Records drawn from a dataset:
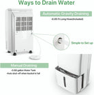 Auto Drain: The dehumidifier has drain hose outlet where you can just simply attached the 6.56 ft hose use for continuously draining.
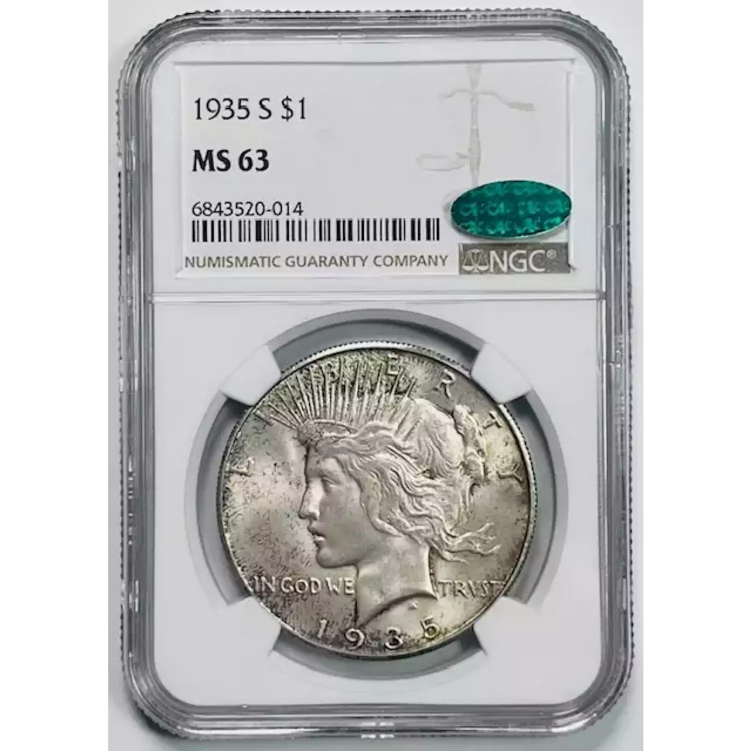 1935-S Peace Dollar NGC MS-63 Very Low CAC Pop! CAC
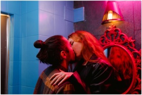 A couple shares a passionate kiss in a vibrant nig
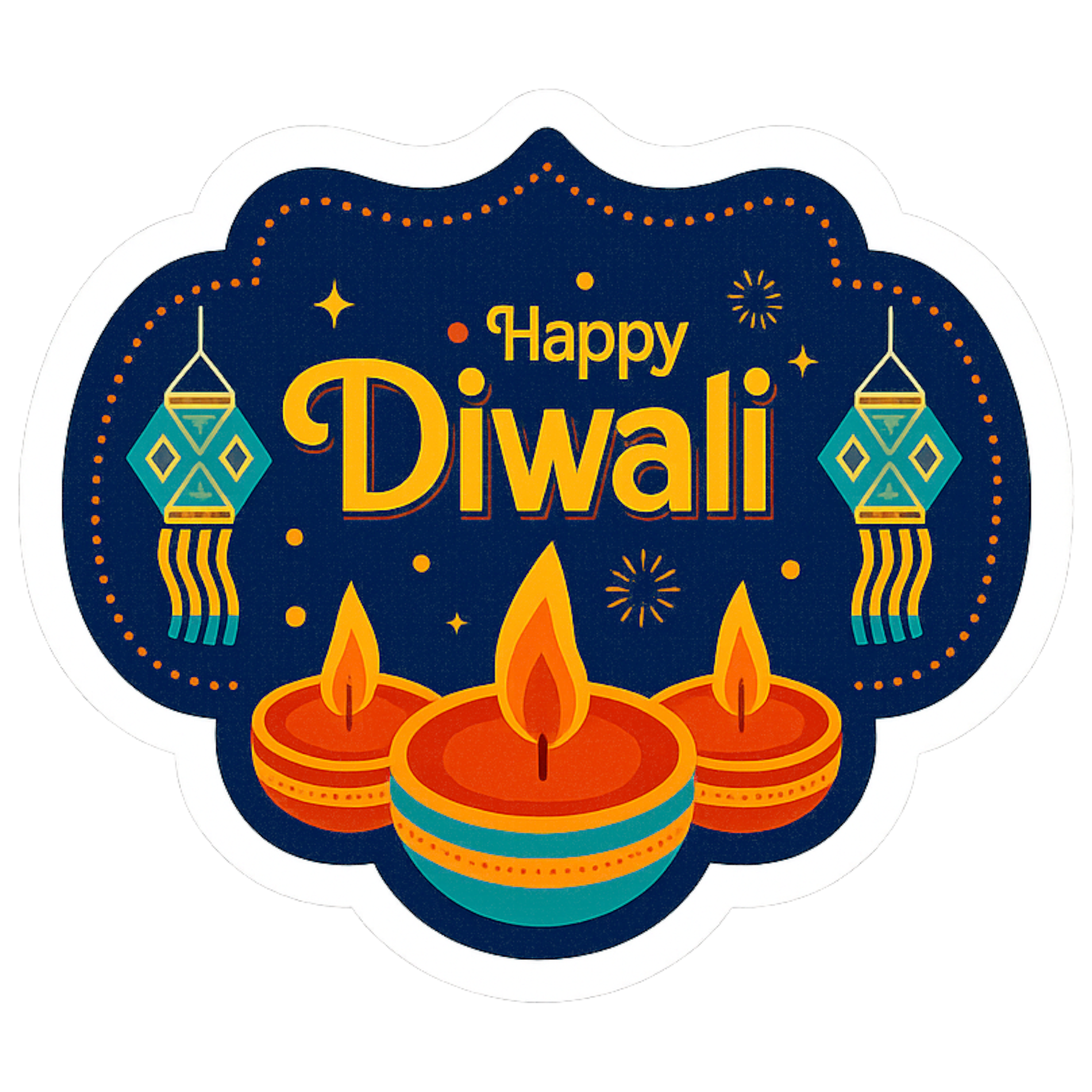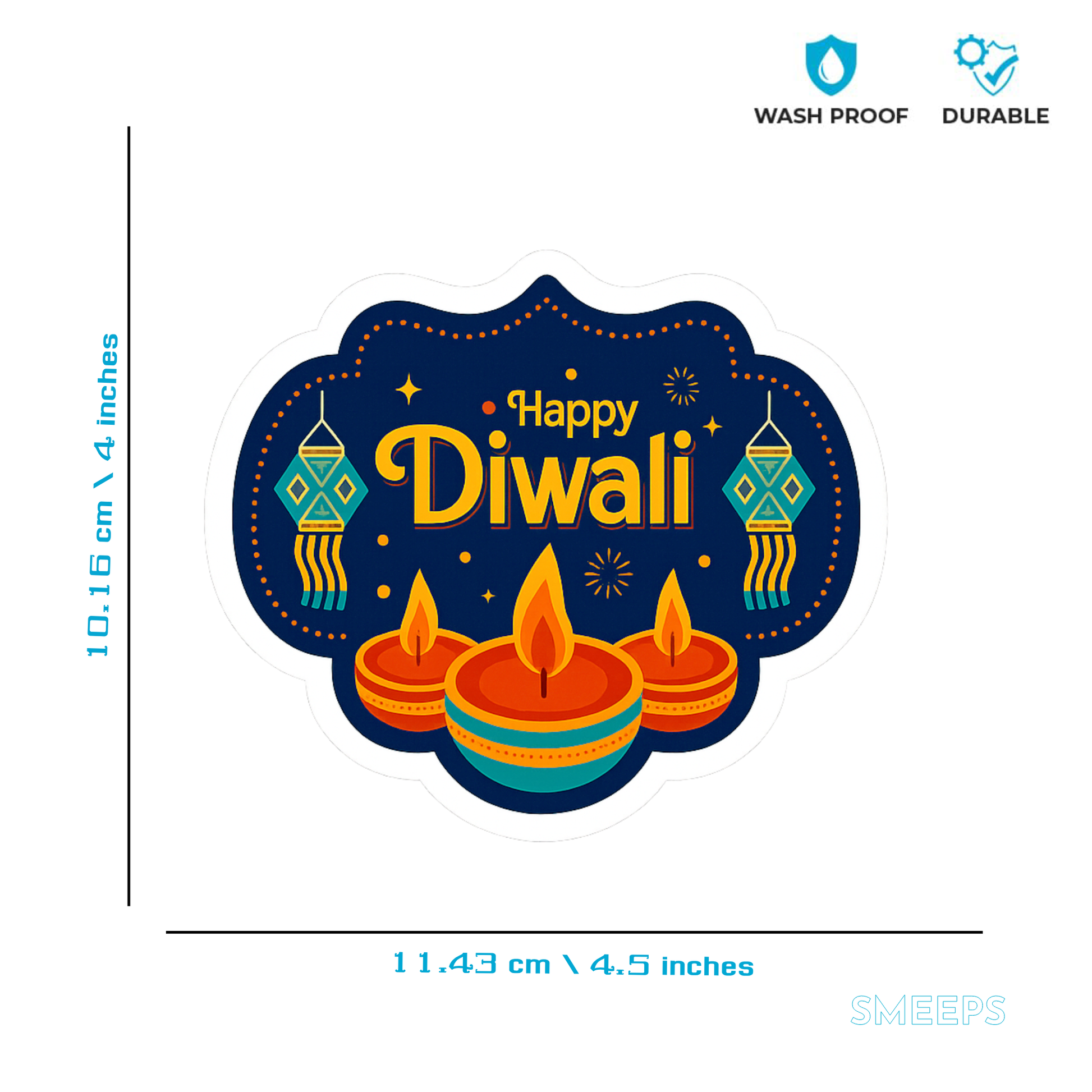 Smeeps Happy Diwali Sticker – 10.16 x 11.43 cm Festive Deepavali Décor Decal | Diya & Lantern Theme Design | Waterproof & UV-Resistant Vinyl
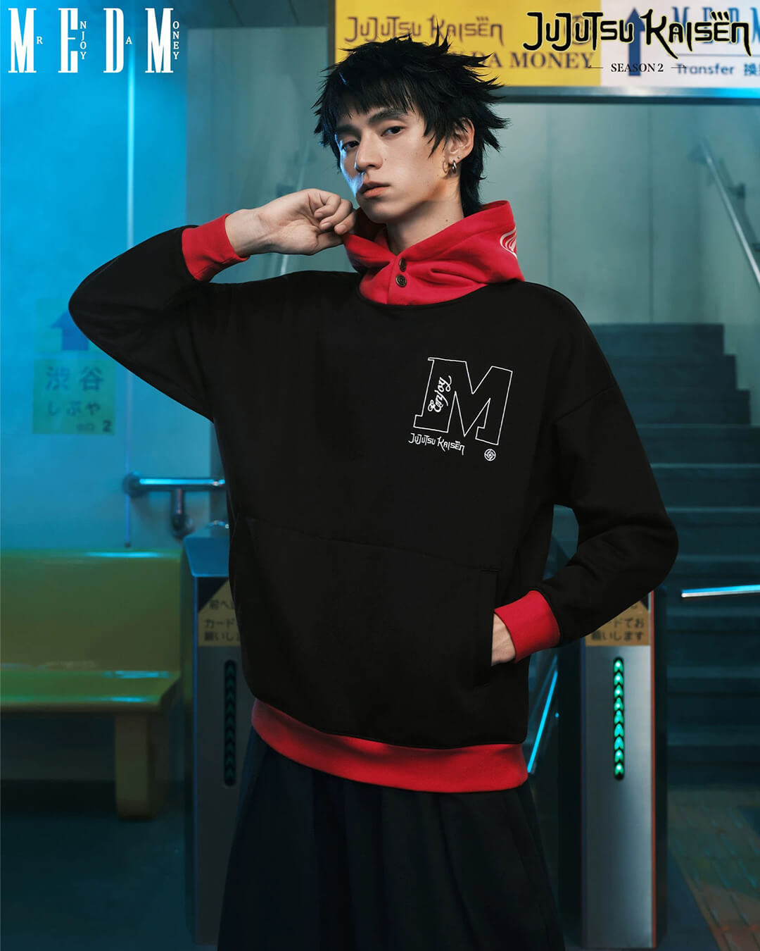 MEDM and Jujutsu Kaisen unite in this striking collaboration hoodie, drawing inspiration from Yuji Itadori's iconic color palette. The colorblock design captures the essence of the protagonist's aesthetic, blending streetwear sensibility with anime fandom appeal. Crafted for those who appreciate bold graphic storytelling and contemporary silhouettes, this piece seamlessly transitions from casual wear to statement-making streetwear. Perfect for collectors and fans seeking wearable art that honors the series while maintaining authentic urban style.
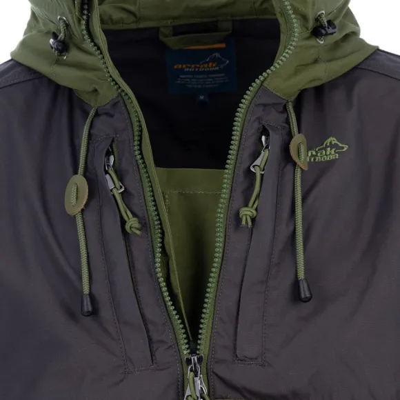Kevyt miesten anorakki monipuoliseen käyttöön. Valmistettu kyllästetystä polyesterin ja puuvillan sekoituksesta. Materiaali on vettä hylkivää ja se voidaan helposti kyllästää tarvittaessa. Vetoketjut sivulla helpottavat pukemista ja riisumista.
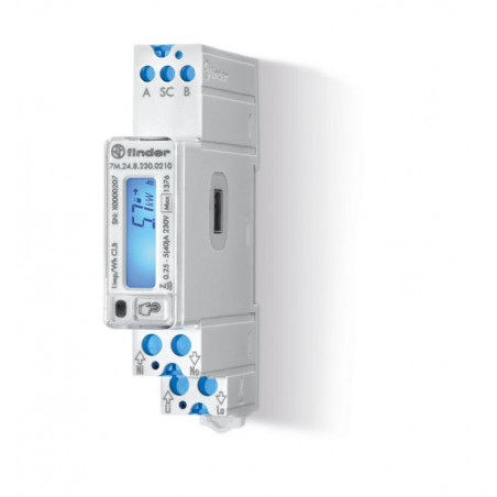 Description: Compteur d'énergie monophasé 5A nominal 40A maximum, 230V AC sortie émettrice d'impulsions SO +/-, affichage digital écran rétro-éclairé, classe 1/B, certifié MID, port de communucation MODbus, NFC et infrarouge
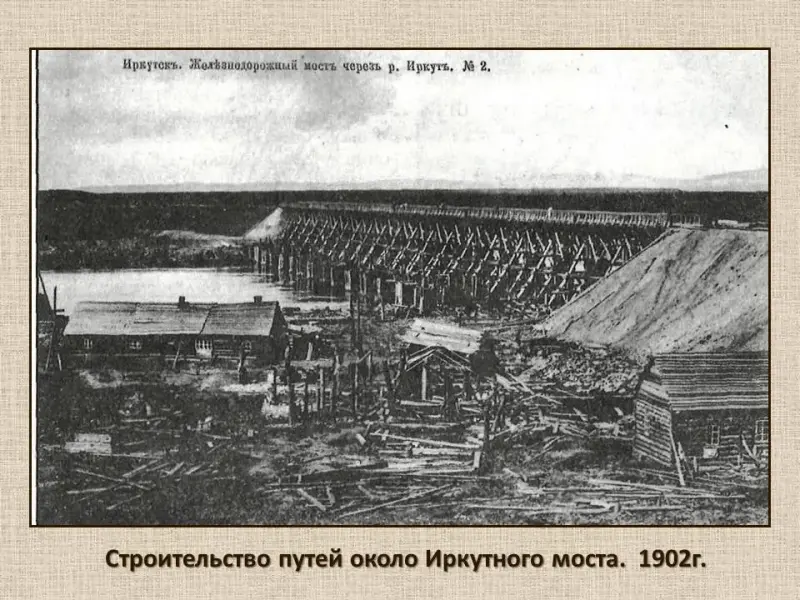 1891 год - начало строительства Транссибирской железнодорожной магистрали. Стоимость строительства Транссиба с 1891 по 1913 год составила 1 455 413 000 рублей (в ценах 1913 года). Всё строительство было осуществлено за счёт казны, без иностранных заимствований. Министром путей сообщения, курирующим строительство дороги, был М.И. Хилков. Почти все работы производились вручную, с помощью топора, пилы, лопаты, кайла и тачки. Несмотря на это ежегодно прокладывалось около 500-600 км железнодорожного пути. В разгар строительных работ на сооружении Транссиба было занято 84-89 тыс. человек. Сооружение Транссибирской магистрали осуществлялось в суровых природно- климатических условиях. Исключительные трудности для строителей представлял участок вокруг Байкала. Здесь приходилось взрывать скалы, прокладывать тоннели, возводить искусственные сооружения в ущельях горных речек, впадающих в озеро Байкал.
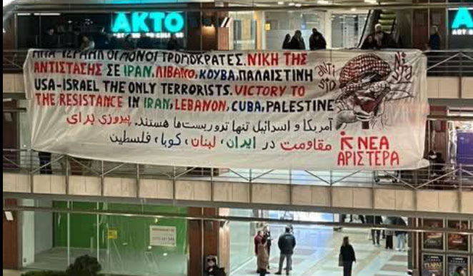 Ο Γαβριήλ Σακελλαρίδης γράφει σχετικά: Πριν λίγα λεπτά, μέλη της Νεολαία Νέας Αριστεράς – Youth New Left στη Θεσσαλονίκη άνοιξαν πανό απέναντι από το Αμερικανικό Προξενείο στην πόλη με αντιπολεμικό μήνυμα για τον πόλεμο Τραμπ-Νετανιάχου στο Ιράν. Για αυτό τον λόγο κρατούνται τώρα από την Αστυνομία με σκοπό να προσαχθούν στην Ασφάλεια. Από πότε η έκφραση αντιπολεμικής άποψης αποτελεί λόγο κράτησης; Πόσο ακόμα η κυβέρνηση Μητσοτάκη θα συνεχίσει να συμπεριφέρεται ως τοποτηρητής του Τραμπ και του Νετανιάχου… Πηγή

# Description of the task
Set down all of the data word for word; no pictures belong in it.

# The completed task
 Auto Drain: The dehumidifier has drain hose outlet where you can just simply attached the 6.56 ft hose use for continuously draining.
 1935-S Peace Dollar NGC MS-63 Very Low CAC Pop! CAC
 A couple shares a passionate kiss in a vibrant nig
 Smeeps Happy Diwali Sticker – 10.16 x 11.43 cm Festive Deepavali Décor Decal | Diya & Lantern Theme Design | Waterproof & UV-Resistant Vinyl
 MEDM and Jujutsu Kaisen unite in this striking collaboration hoodie, drawing inspiration from Yuji Itadori's iconic color palette. The colorblock design captures the essence of the protagonist's aesthetic, blending streetwear sensibility with anime fandom appeal. Crafted for those who appreciate bold graphic storytelling and contemporary silhouettes, this piece seamlessly transitions from casual wear to statement-making streetwear. Perfect for collectors and fans seeking wearable art that honors the series while maintaining authentic urban style.
Kevyt miesten anorakki monipuoliseen käyttöön. Valmistettu kyllästetystä polyesterin ja puuvillan sekoituksesta. Materiaali on vettä hylkivää ja se voidaan helposti kyllästää tarvittaessa. Vetoketjut sivulla helpottavat pukemista ja riisumista.
 Description: Compteur d'énergie monophasé 5A nominal 40A maximum, 230V AC sortie émettrice d'impulsions SO +/-, affichage digital écran rétro-éclairé, classe 1/B, certifié MID, port de communucation MODbus, NFC et infrarouge
 1891 год - начало строительства Транссибирской железнодорожной магистрали. Стоимость строительства Транссиба с 1891 по 1913 год составила 1 455 413 000 рублей (в ценах 1913 года). Всё строительство было осуществлено за счёт казны, без иностранных заимствований. Министром путей сообщения, курирующим строительство дороги, был М.И. Хилков. Почти все работы производились вручную, с помощью топора, пилы, лопаты, кайла и тачки. Несмотря на это ежегодно прокладывалось около 500-600 км железнодорожного пути. В разгар строительных работ на сооружении Транссиба было занято 84-89 тыс. человек. Сооружение Транссибирской магистрали осуществлялось в суровых природно- климатических условиях. Исключительные трудности для строителей представлял участок вокруг Байкала. Здесь приходилось взрывать скалы, прокладывать тоннели, возводить искусственные сооружения в ущельях горных речек, впадающих в озеро Байкал.
 Ο Γαβριήλ Σακελλαρίδης γράφει σχετικά: Πριν λίγα λεπτά, μέλη της Νεολαία Νέας Αριστεράς – Youth New Left στη Θεσσαλονίκη άνοιξαν πανό απέναντι από το Αμερικανικό Προξενείο στην πόλη με αντιπολεμικό μήνυμα για τον πόλεμο Τραμπ-Νετανιάχου στο Ιράν. Για αυτό τον λόγο κρατούνται τώρα από την Αστυνομία με σκοπό να προσαχθούν στην Ασφάλεια. Από πότε η έκφραση αντιπολεμικής άποψης αποτελεί λόγο κράτησης; Πόσο ακόμα η κυβέρνηση Μητσοτάκη θα συνεχίσει να συμπεριφέρεται ως τοποτηρητής του Τραμπ και του Νετανιάχου… Πηγή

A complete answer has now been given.